Please let me know if any other information needed.

jjmachan commented 1 day ago

hey @Nari995 what is the type for azure_model? is it wrapped? do you face this problem everytime?

Nari995 commented 1 day ago

Hi @jjmachan, azure_model is an instance of the AzureChatOpenAI class. Please find below snippet for reference

azure_model = AzureChatOpenAI( openai_api_version="2024-02-15-preview", azure_endpoint=azure_configs["base_url"], azure_deployment=azure_configs["model_deployment"], model=azure_configs["model_name"], validate_base_url=False, )
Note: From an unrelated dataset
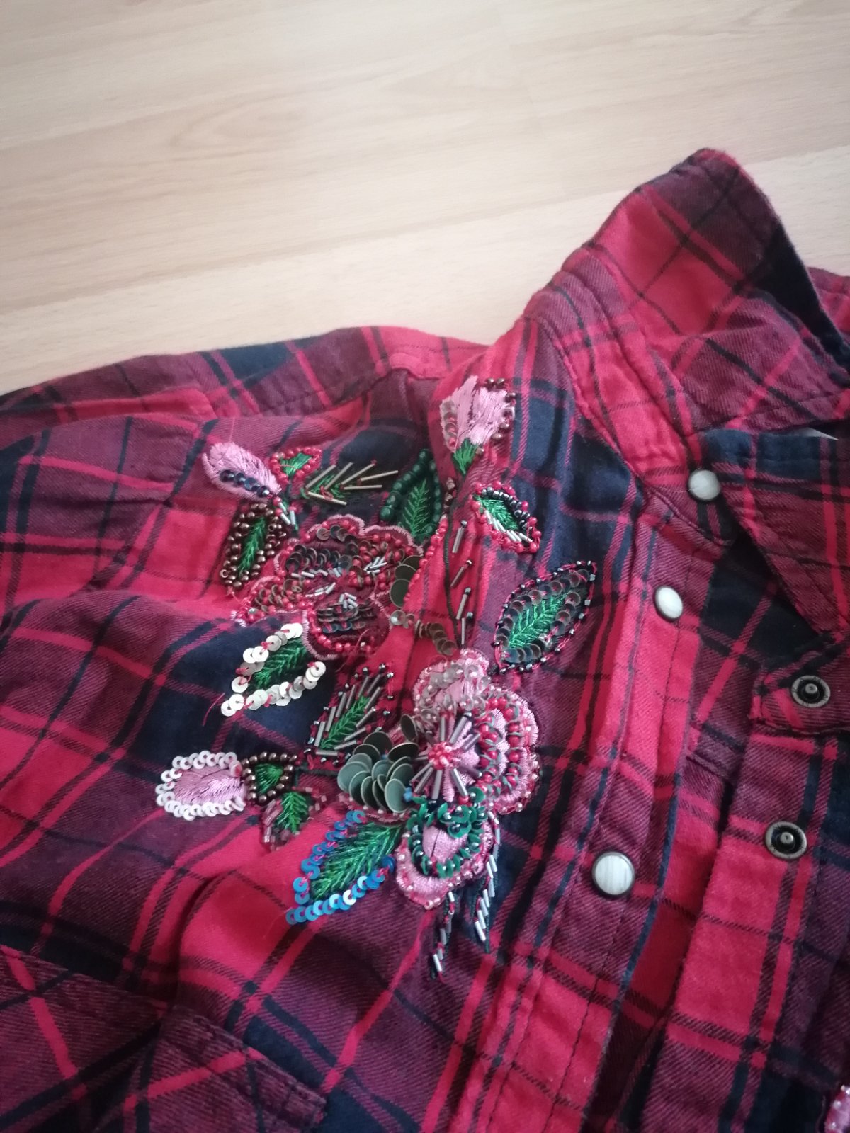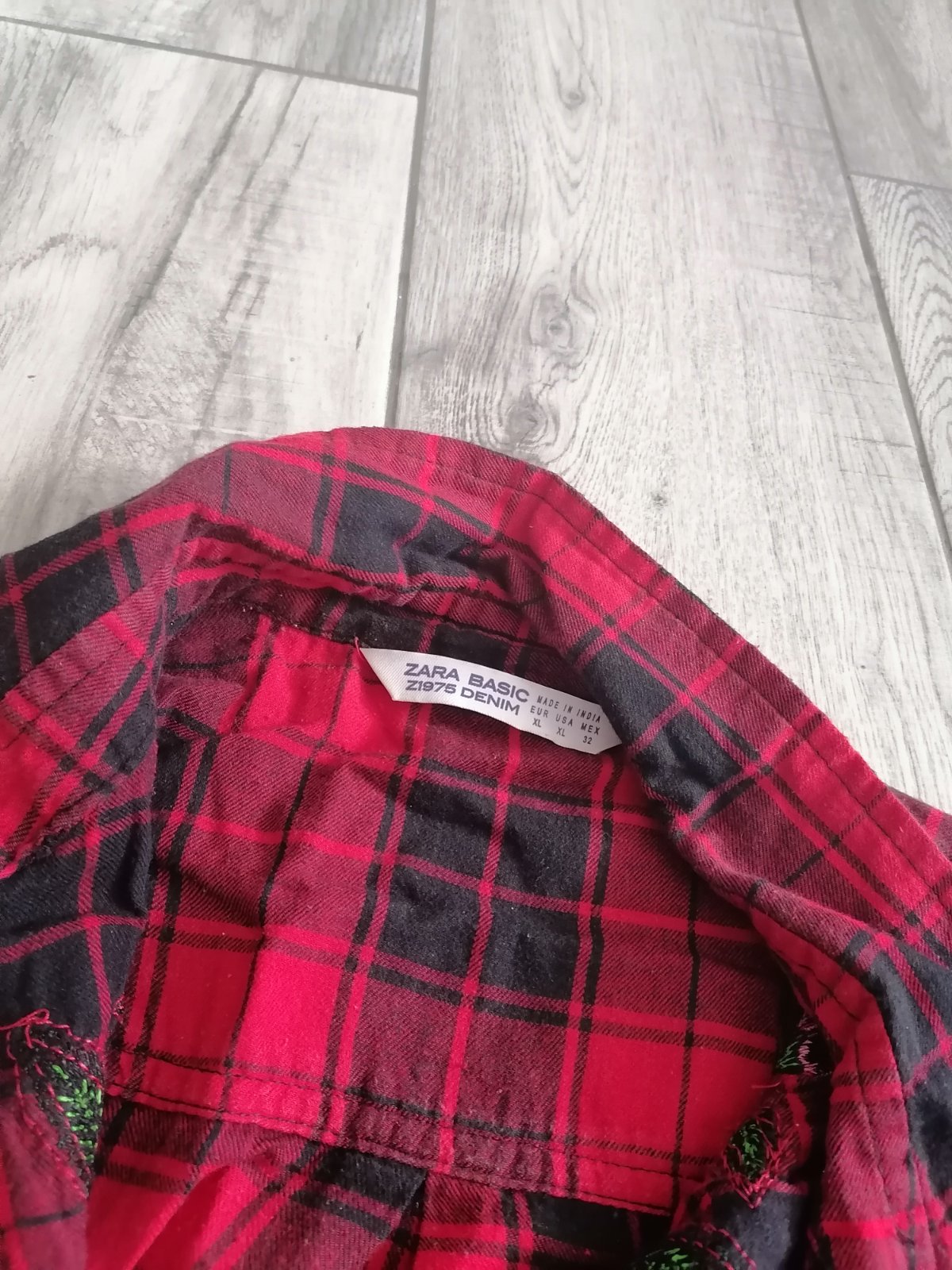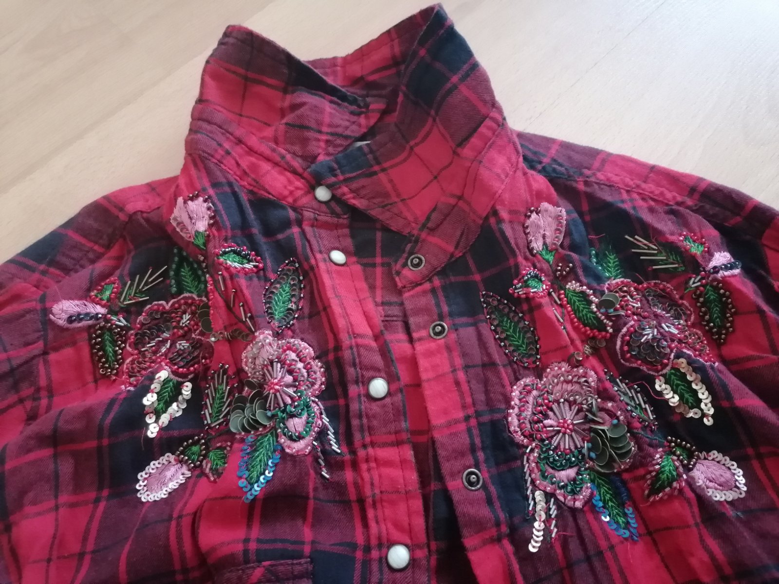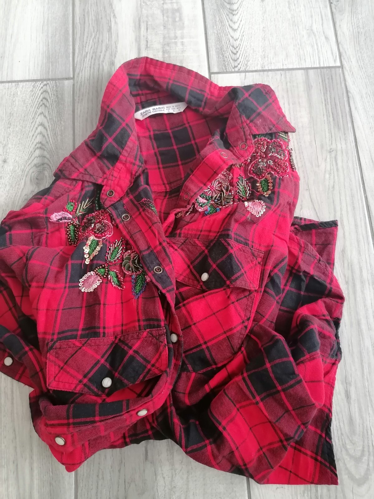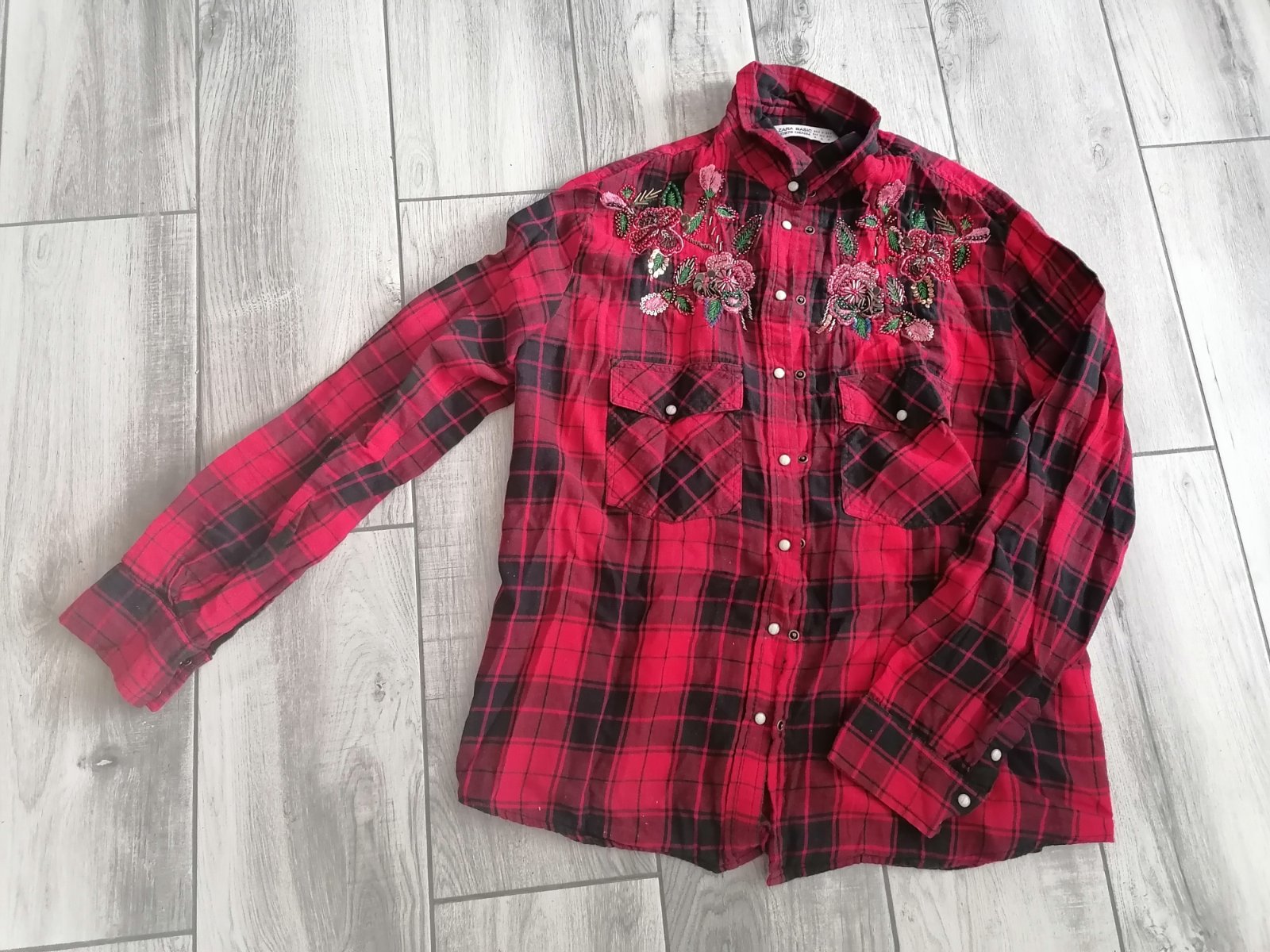 Červená károvaná košeľa s výšivkou - Zara L/XL

we don't face this problem every time. Never faced it when we use other ragas metrics (AnswerCorrectness, AnswerRelevancy, Faithfulness etc), Facing it only with Agentic metrics.

sahusiddharth commented 1 day ago

@Nari995, I think the issue might be caused by a mix-up between Ragas messages and LangChain messages. You can try to fix this by explicitly using the message types from Ragas.

import ragas.messages as r

# Use Ragas message types directly
messages = [
    r.HumanMessage(content="Your message"),
    r.AIMessage(content="AI response"),
    r.ToolMessage(content="Tool output")
]

I’m not 100% sure, but this might help clear up the confusion. Please give it a try and let me know how it goes!

Nari995 commented 1 day ago

hello @sahusiddharth,

Still, we are getting the same error.

TypeError: object of type 'StringPromptValue' has no len()

any other suggestions?

sahusiddharth commented 1 day ago

@Nari995, try

from ragas.llms import LangchainLLMWrapper
.
.
.
scorer.llm = LangchainLLMWrapper(azure_model)

Have a look at this colab notebook

Nari995 commented 19 hours ago

Hi @sahusiddharth, it is working fine with above suggestion. we are able to move ahead in metrics evaluation. Thank you so much for your assistance.